September 25, 2011

The Misuse of Life Without Parole

"...The American Law Institute, a group composed of judges, lawyers and legal scholars, has wisely called for restricting the use of the penalty to cases “when this sanction is the sole alternative to a death sentence.”

In capital cases, life without parole is a sound option. Public support for the death penalty, a barbarity that should be abolished in this country, plummets when life without parole is an alternative. In many states, juries are instructed that it is an option. But the use of the sentence has gone far beyond death penalty cases, even as violent crime rates have declined.

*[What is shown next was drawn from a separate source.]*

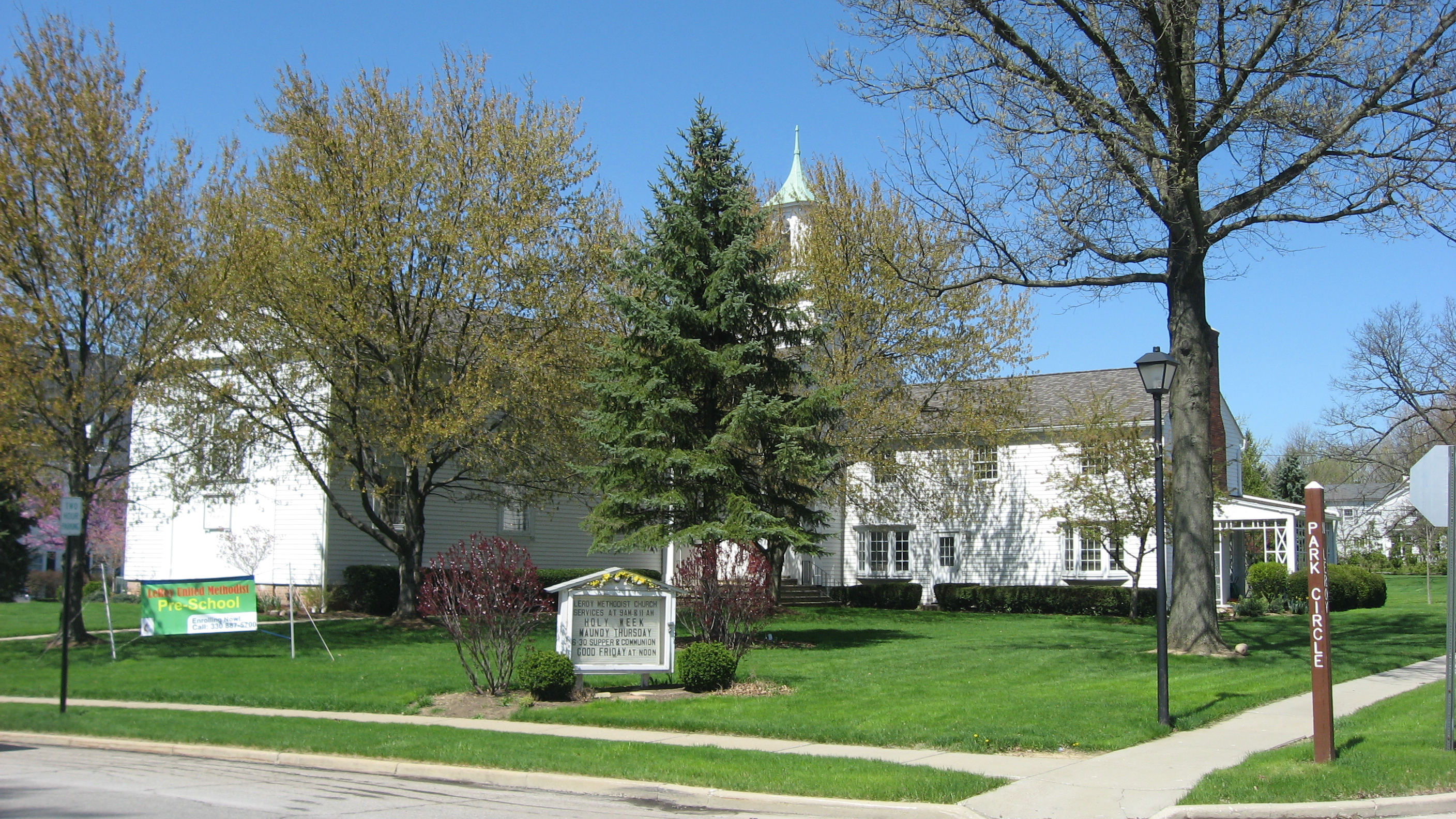 Front of the Leroy United Methodist Church, located at 7 Park Circle on the village green in Westfield Center, Ohio, United States. Church website.

In the last decade in Georgia, one of the few states with good data on the sentence, about 60 percent of offenders sentenced to life without parole were convicted of murder. The other 40 percent were convicted of kidnapping, armed robbery, sex crimes, drug crimes and other crimes including shoplifting. Nationwide, the racial disparity in the penalty is stark. Blacks make up 56.4 percent of those serving life without parole, though they are 37.5 percent of prisoners in all state prisons.

The overuse of the sentence reflects this excessively punitive era. But as the institute’s report explains, an “ordinary” life sentence is “a punishment of tremendous magnitude” whose “true gravity should not be undervalued.” In the past 20 years, the average life term served has grown from 21 years to 29 years before parole...

...A fair-minded society should revisit life sentences and decide whether an offender deserves to remain in prison or be released on parole. And a fair-minded society should not sentence anyone to life without parole except as an alternative to the death penalty."

For full story:
The Misuse of Life Without Parole (New York Times, September 12 2011)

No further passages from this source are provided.